Uma transportadora de Feira de Santana deverá indenizar uma auxiliar operacional que não tinha sua identidade de gênero respeitada no ambiente de trabalho. A 5ª Turma do Tribunal Regional do Trabalho da Bahia (TRT-BA) confirmou a condenação e fixou o valor da indenização em R$ 10 mil. Da decisão cabe recurso.
Práticas transfóbicas
A auxiliar afirma que, durante o período em que trabalhou na transportadora, foi alvo de condutas discriminatórias e humilhantes por causa de sua identidade de gênero. A trabalhadora é uma mulher trans. Segundo relata, mesmo após solicitações formais ao setor de Recursos Humanos e aos supervisores para que fosse respeitado seu nome social, continuou sendo identificada pelo “nome morto”, inclusive nos registros eletrônicos de ponto, no plano de saúde e em comunicações internas. “Nome morto” é o termo usado para se referir ao nome de registro civil de uma pessoa trans.
A auxiliar também afirma que superiores hierárquicos faziam insinuações e “piadas” de cunho sexista, como “Deixe ele, ele está descansado”, comentário feito quando ela retornou de férias. Relata ainda que, mesmo após reclamações, nenhuma medida eficaz foi adotada. A empresa negou as condutas discriminatórias, mas testemunhas confirmaram a versão da trabalhadora. Uma delas relatou ter presenciado o uso do nome morto no ponto eletrônico. Outra afirmou que, além do desrespeito ao nome social, o chefe se referiu à auxiliar no masculino durante uma reunião. Também citou piadas internas de empregados que tratavam a trabalhadora como homem, e não como mulher.
O caso foi analisado pela juíza Nadva Nascimento, da 1ª Vara do Trabalho de Feira de Santana.

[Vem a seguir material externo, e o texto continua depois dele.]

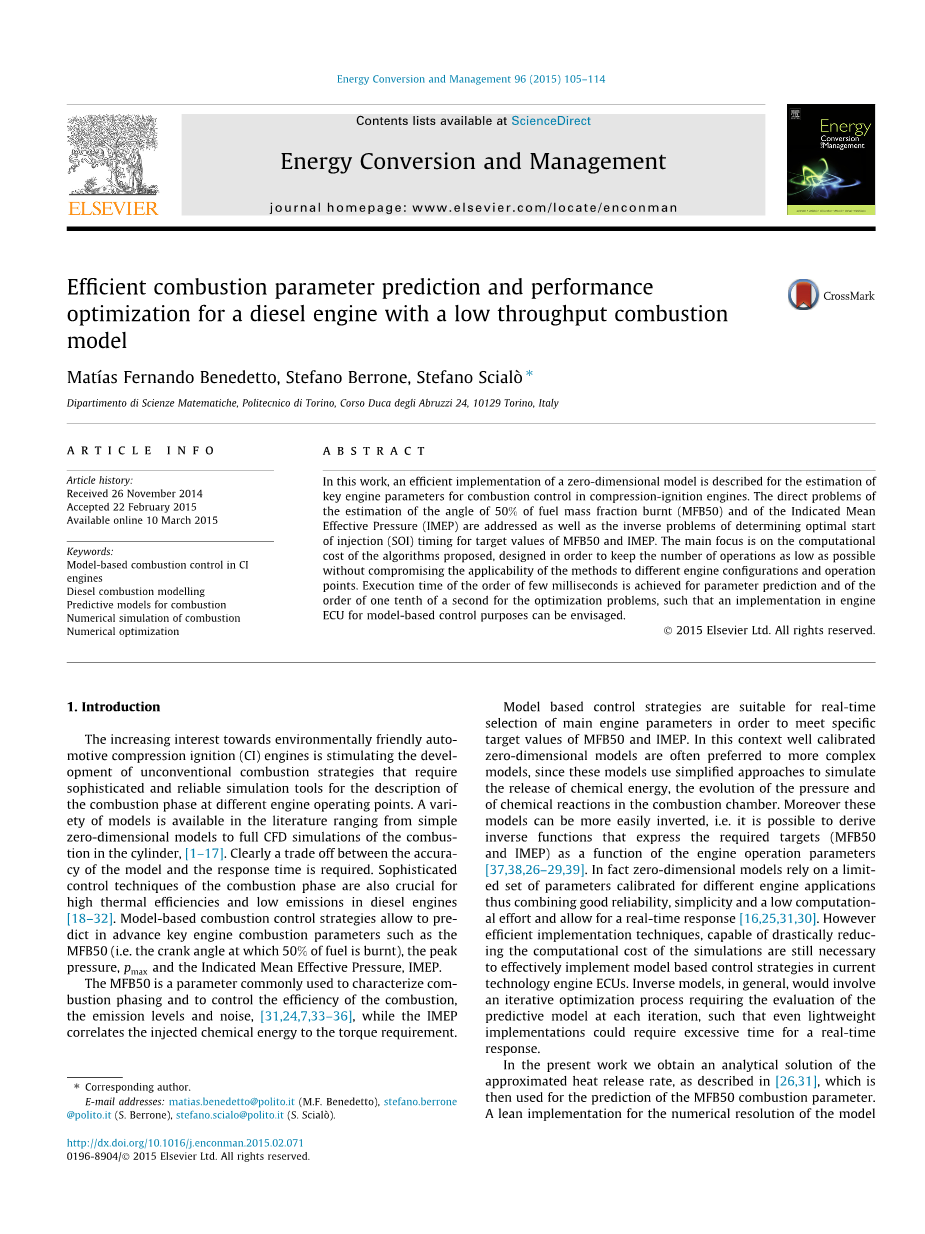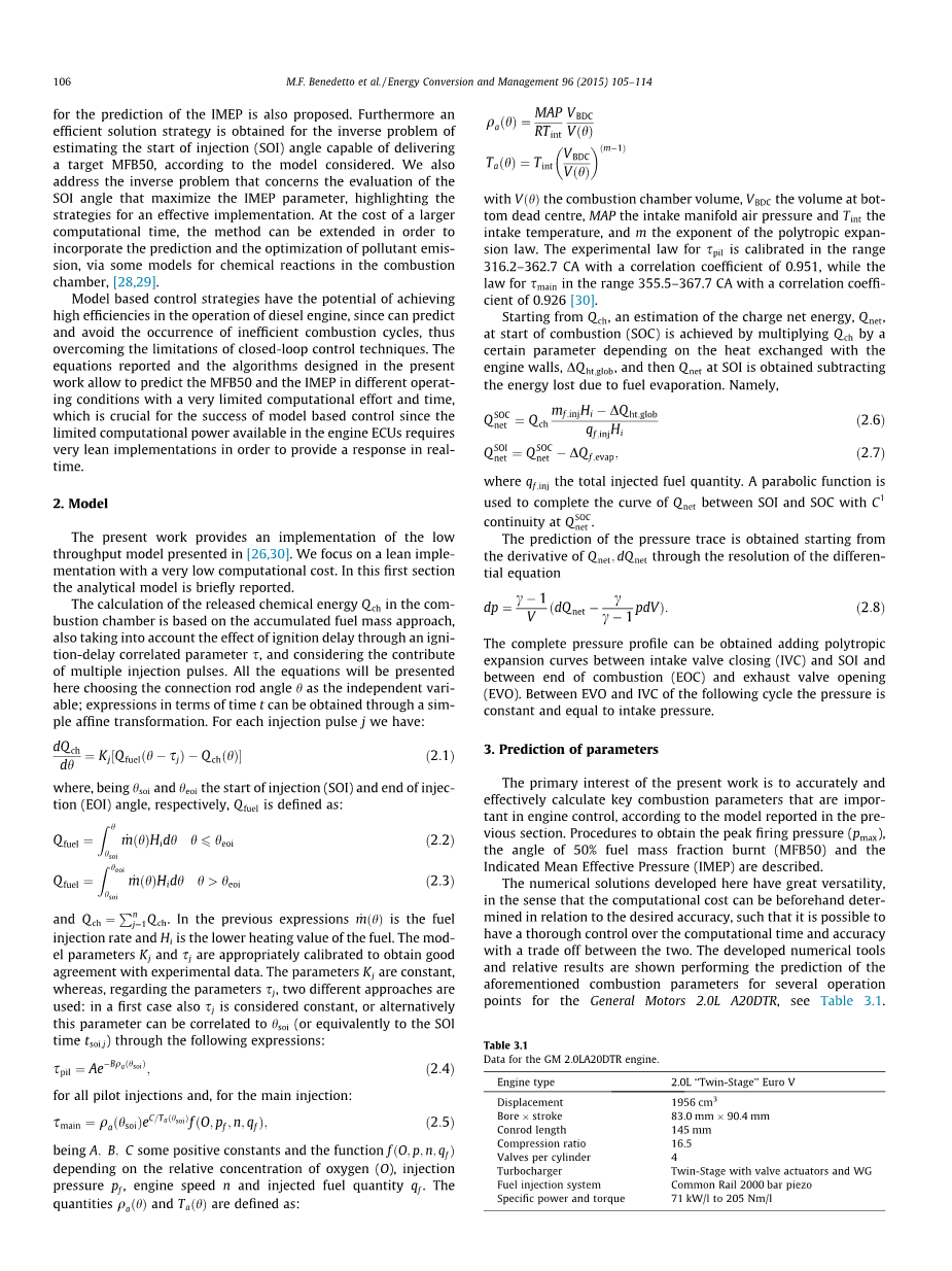 在目前的研究中,我们获得了[26,31]所述的近似放热率的解析解,这个解析解在接下来被用于预测MFB50燃烧参数,为模型的数值解析精益实现提供了可能。此外,根据所考虑的模型,对于喷射开始角度(SOI)的逆问题,也获得了有效的解决策略。我们还解决了评估最大化IMEP参数对应的SOI角的逆问题,使得该策略可以有效实现。该方案通过建立燃烧室化学反应模型,将污染物排放的预测与优化结合起来,但计算时间较长[28,29]。基于模型的控制策略可以实现柴油机运行的高效率,因为我们可以预测和避免低效燃烧循环的发生,从而克服闭环控制技术的限制。在本文中中提出的方程和设计的算法只允许用非常有限的计算工作量和时间预测不同工作条件下的MFB50和IMEP,这对于基于模型的控制的成功至关重要,因为需要非常精细的实现发动机ECU中有限的计算能力,以便提供实时响应。

A magistrada afirmou que garantir condições dignas e inclusivas para grupos vulneráveis exige conscientização da equipe, revisão de protocolos internos e adaptação dos sistemas. Destacou ainda que essa construção vai além da simples contratação de uma pessoa trans. “A capacitação do corpo funcional sobre diversidade de gênero, o uso correto do nome social, o respeito à identidade de gênero e o enfrentamento da transfobia no ambiente de trabalho são medidas indispensáveis”, registrou.
A juíza explicou que a omissão da empresa se tornou ainda mais grave porque houve oportunidade de agir após as manifestações internas da trabalhadora. Durante a audiência, foi necessário impedir perguntas do advogado da empresa que insinuavam que a auxiliar seria “hipersensível” ao tratamento recebido. Para a magistrada, esse tipo de questionamento tenta transferir à vítima a responsabilidade pela lesão psíquica, como se o sofrimento fosse resultado de fragilidade pessoal e não das condutas ofensivas vivenciadas no ambiente de trabalho. A decisão condenou a transportadora ao pagamento de R$ 10 mil.
Decisão mantida
O recurso foi analisado na 5ª Turma do TRT-BA, tendo a juíza convocada Alice Braga como relatora. A magistrada destacou que a prova testemunhal demonstrou que, mesmo após o pedido para uso do nome social, a auxiliar continuou sendo identificada pelo nome de registro civil, o que classificou como grave violação à identidade de gênero.
Para a relatora, as práticas vividas revelam uma estrutura de exclusão reforçada por comentários e “piadas” de cunho transfóbico, que negavam o reconhecimento da trabalhadora enquanto mulher. O voto foi pela manutenção da condenação, acompanhado pelos desembargadores Paulino Couto e Luís Carneiro.
Processo: 0001383-22.2024.5.05.0191.